Alleged ghost hunters have some super nifty tools to aid them in their paranormal searches. You’ve got your required education from purchasing all the Paranormal Activity movies, EMF meters, night vision goggles because no self respecting ghost comes out during the day.
And you’ve got your Ghost Box or Spirit Box. Not all things labeled a ghost box operate in the manner I mention to follow, but some of the numerous con men who inhabit the world have helped nudge the confirmation bias and auditory pareidolia along.
There’s quite a nice little assortment of these available on Amazon. Some may be better than others. Some may operate differently. First, the basic idea. The ghosts for whatever reasons, most likely not having an evil looking doll to inhabit need to communicate with us via an old radio. Preferably one found in a dusty attic, with or without a gramophone of similar vintage and a copy of the Necronomicon. When the finder turns on the magic radio the spirits speak in brief clips garbled by an insane amount of static. The apophenia takes over and you start trying to make sense of what bits and pieces sound like actual words. You have to, because the magic radio never gives you anything approaching a full short phrase or heaven forbid a sentence or two.

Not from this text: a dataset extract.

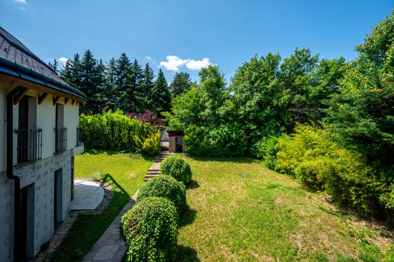 Megvételre kínálunk egy kivételes adottságokkal rendelkező, 2 lakásos, négy szintes családi házat, amely a természetvédelmi terület szomszédságában, csendes, zöld környezetben helyezkedik el. Az ingatlan összközműves telken található, amely 2000 m²-es, a ház pedig nettó 483 m² alapterületű.A pinceszinten mosókonyha lett kialakítva, valamint itt kapott helyet a gépészeti helyiség. Ezen a szinten könnyen kialakítható fitness részleg (36,44 m2), valamint egy médiaszoba (28,10 m2). A földszinten található 2 nappali (az egyik átalakítható amerikai konyhás nappalivá), konyha-étkező, illemhelyiség. Az 1. emeleten összesen 4 hálószoba helyezkedik el, mindegyik saját fürdőszobával és erkéllyel rendelkezik.A 2. emeleten található a főhálószoba saját, sarokkádas, dupla mosdós fürdőszobával, dolgozószoba, illemhelyiség bidével, tároló, családi tér/társalgó.Főbb jellemzők:Gázkazán padlófűtésselFatüzelésű kandalló, amely az egész ház fűtését biztosíthatjaA földszinten lehetőség van plusz kandalló beépítéséreNapkollektoros rendszer a fenntartható energiafelhasználás érdekébenVezetékezés előkészítve klíma és központi porszívó beépítéséhezRiasztórendszerElektromos kapuElektromos redőnyök beépítése elő lett készítveHőszivattyú helye kialakítottHáromrétegű ablakokTágas kétállásos garázsElhelyezkedés és környezet:Az ingatlan a II. kerület egyik legkeresettebb részén, Petneházyréten található. A környék csendes, zöldövezeti, mégis kiváló infrastruktúrával rendelkezik. A közelben számos bevásárlási lehetőség és alapvető szolgáltatás elérhető, többek között szupermarketek, kisebb üzletek és piacok. A családosok számára különösen előnyös, hogy a környéken több óvoda és iskola is található. ✔ Bevásárlási lehetőségek: Számos kisebb üzlet, valamint a Budagyöngye Bevásárlóközpont, a Stop Shop és a Hűvösvölgyi Spar is rövid autóúttal elérhető.✔ Oktatási intézmények: A közelben több kiváló óvoda és iskola is található, például a Budapesti Német Iskola, a Klebelsberg Kuno Általános Iskola és a Gyermekek Háza Alternatív Általános Iskola, Völgy Utcai Ökumenikus Óvoda, Gesztenyéskert Óvoda✔ Egészségügyi és egyéb szolgáltatások: Gyógyszertár, háziorvosi rendelő, bankok, éttermek és sportolási lehetőségek egyaránt könnyen elérhetők.Kiváló közlekedés:Az ingatlan tömegközlekedéssel és autóval egyaránt könnyen megközelíthető. A 22, 22A és 222-es buszok néhány perces sétával elérhetők, amelyekkel Hűvösvölgy és a Széll Kálmán tér is gyorsan megközelíthető. Az autós közlekedés is kényelmes, a Budakeszi út és a Szilágyi Erzsébet fasor könnyű összeköttetést biztosít a belvárossal.Ez az ingatlan kiváló lehetőséget kínál azok számára, akik nyugodt, természetközeli környezetben szeretnének élni, miközben a város nyújtotta kényelmi szolgáltatások is könnyen elérhetők. További információért, megtekintési időpontért vegye fel velem a kapcsolatot elérhetőségeim egyikén.Hívását a hét bármely napján örömmel fogadom! |

The trick is, damaging the radio. You don’t want the paranormal investigation to be interrupted by actually hearing the final score of the Astros game and the post game show on how they got caught and what new way to cheat they cooked up this time. The human mind allowed to wander is much better at producing the reaction that these are expected to produce in the gullible target audience. Even by its name there’s an expectation something spooky is about to happen. So you’re more inclined to listen like you’re doing audio Ouija board research. Did the spirit just say, “DEATH”? Gosh darn it that sounded like “death”. Soul? Carry? Like Jim Carrey? That dude is ducking evil. I know he said Carrey. Etc…
The intentionally damaged radio is designed to rapidly skip through different frequencies and only pause long enough for a short burst of actual audio.
A well practiced gematria guru offers a video with a rapid fire Gish Gallop of the story combined with some numbers. The tiny numbers are the equivalent of the short burst of audio. You’re not supposed to dwell on the gazillion alternatives for each number. You just take their word for it. They told you the ghost said “Soul” even when you thought you heard “Seal” and get off topic with the Seventh Seal or Navy Seals or whatever. A person with symptoms of early onset gematria dementia falls for it.
The effect is also a lot of fun for the synchronicity clique. Now left alone to the Spirit Calculator and way too much free time on their hands because they’re between jobs again they start to make connections (that don’t really exist) on their own. That’s when you get the fun stuff like the sports decoder suddenly going off topic on how the numbers also show that what they are for breakfast matches to the head coach of Rutgers in three different ciphers. Personal life decodes are a primary source of unguided by the alleged expert fake data. And later stages of gematria dementia (gementia? gementria? dematria?) oh boy is that cognitive dissonance fun to deal with in real life. These are the kind of people that get into arguments just for the sake of arguments.
Just like you can get a device marketed as a Ghost Box off the internet, it would be fun to have a product that combined the best of both worlds. It speaks random short words that are related only to numbers. Then the end user can have double the fun! First make up whatever number you want to hear instead of the tedious process of using a gematria calculator. Then decode those numbers and math terms and maybe some calendar data into what you want the story to be! Double the fun, should be worth at least $1000 and a bargain at twice that price!!